Neeson told Bidstrup the first time he heard it was at an Angels gig in Mount Isa the same year by which time both Bidstrup and Bailey had left the band.
'Doc told me they got two encores that night and figured they were going to have to play Face and they hadn't played it for years because it was kind of a pop single and felt a bit daggy,' Bidstrup said.
'Doc does his thing where he ran out the back door, came back through the front and into the middle of the crowd, and is singing the first chorus and a thousand people turn around and yell 'No way, get f...ed, f... off' and he wasn't sure whether they were telling him to f... off, whether they didn't like the song, or didn't like the band for playing the song!'
Bidstrup's book reveals how many different musical and other lives he's had. He formed GANGgajang with Mark Callaghan and Bailey who gave us the evergreen Sound of Then (This is Australia).

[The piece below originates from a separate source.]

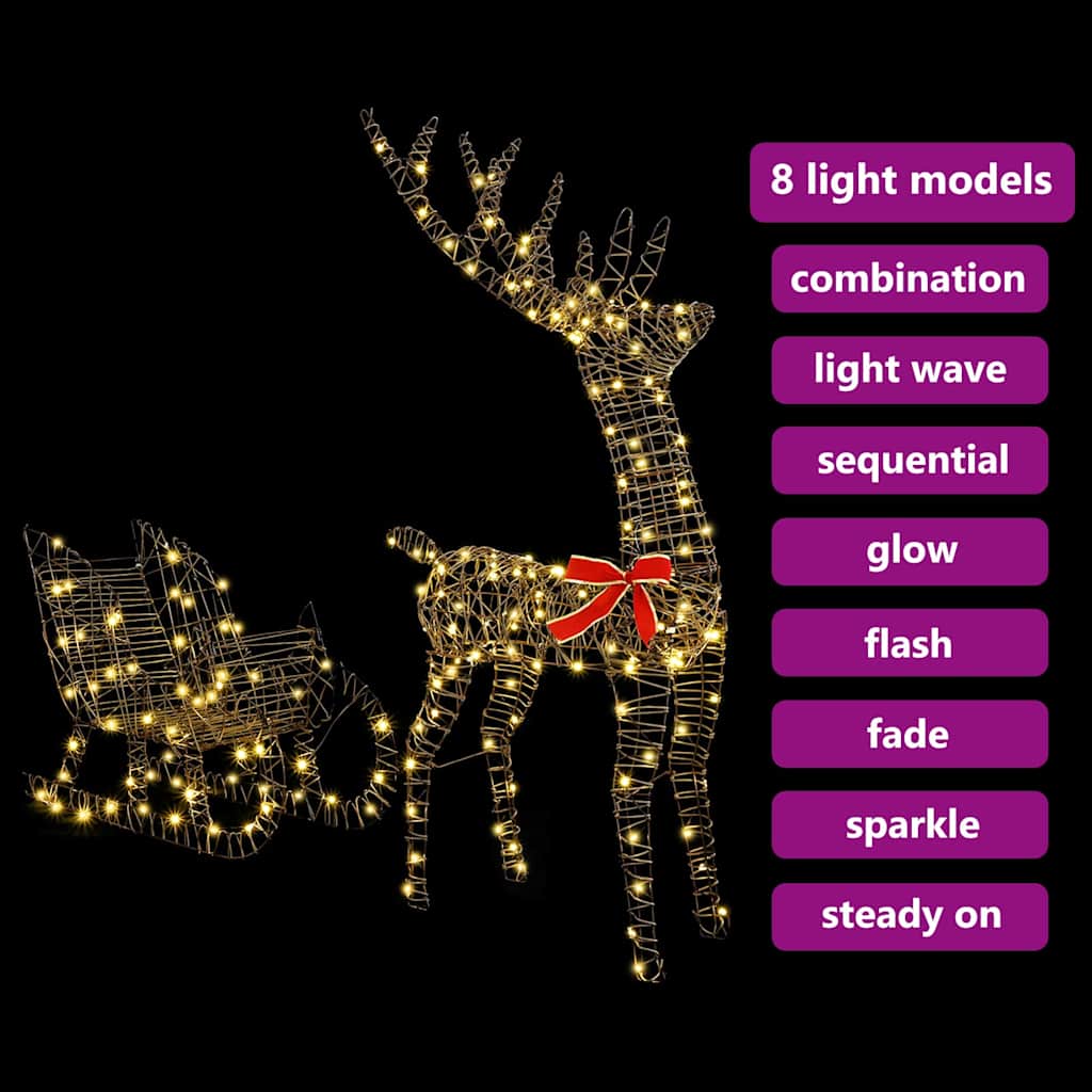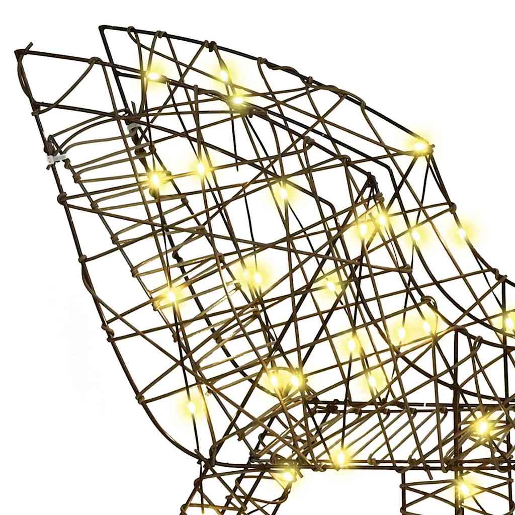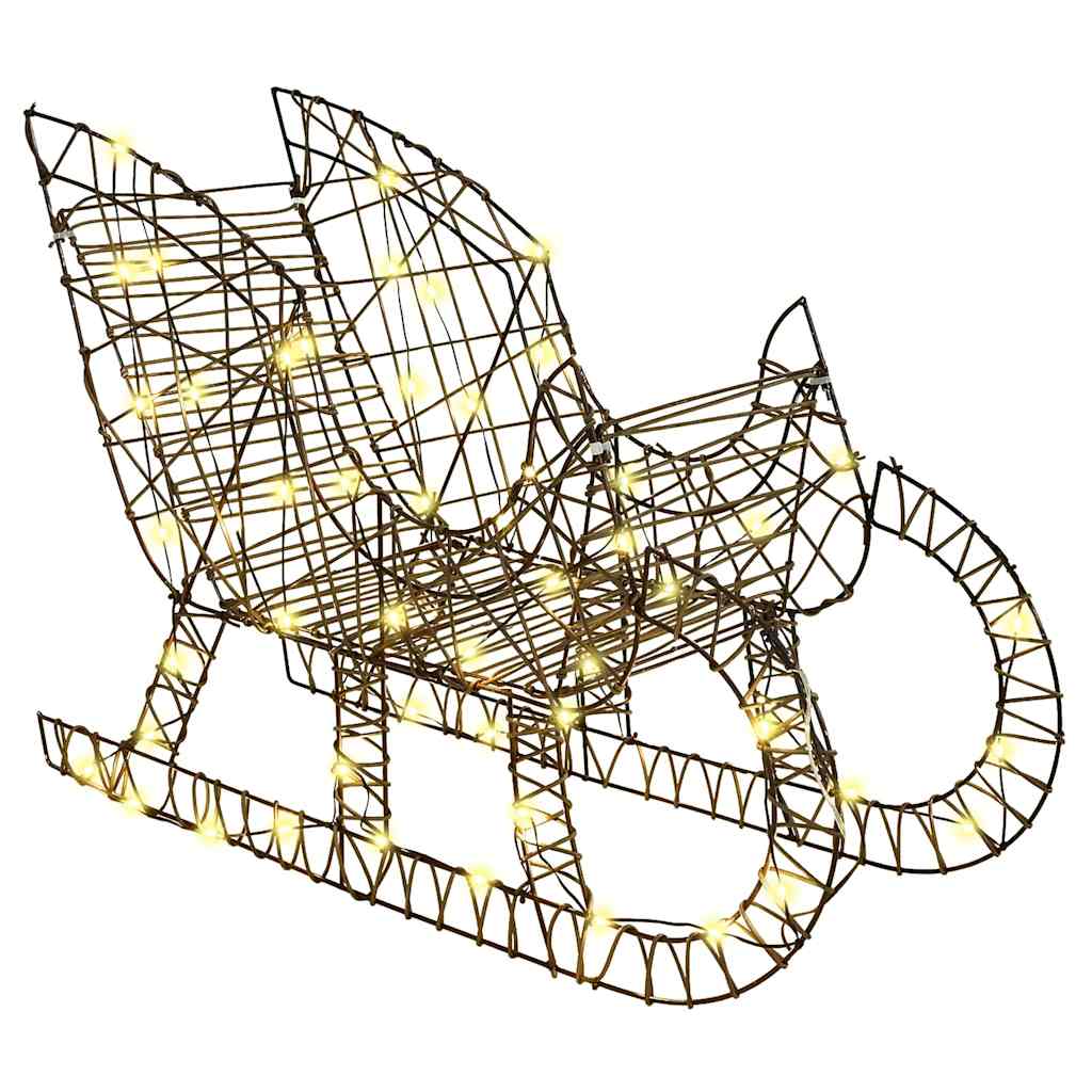 • Kvalitetsbelysning: Med fleksible LED strip lys, kaster denne rensdyrslæde en hyggelig glød i enhver indretning. Den varme hvide nuance skaber en indbydende atmosfære, perfekt til hyggelige indendøre eller som et blikfang udendørs.

It's a travesty that didn't make the Hottest 100 or even Hottest 200.
A self-taught producer and engineer, he's worked on songs by everyone from the Hoodoo Gurus and Australian Crawl to Tiny Tim and recorded with and played in Jimmy Barnes' band in the 90s.
Bidstrup introduced Barnes to his wife Jane in Canberra in 1979, and with his wife Kay, took the bride to meet her groom at the Sydney registry office for their civil ceremony in 1981.
He also managed the treasured Indigenous singer Jimmy Little during the last chapter of his career, and continues to run the artist's Thumbs Up! initiative in Indigenous communities which spotlights healthy food options.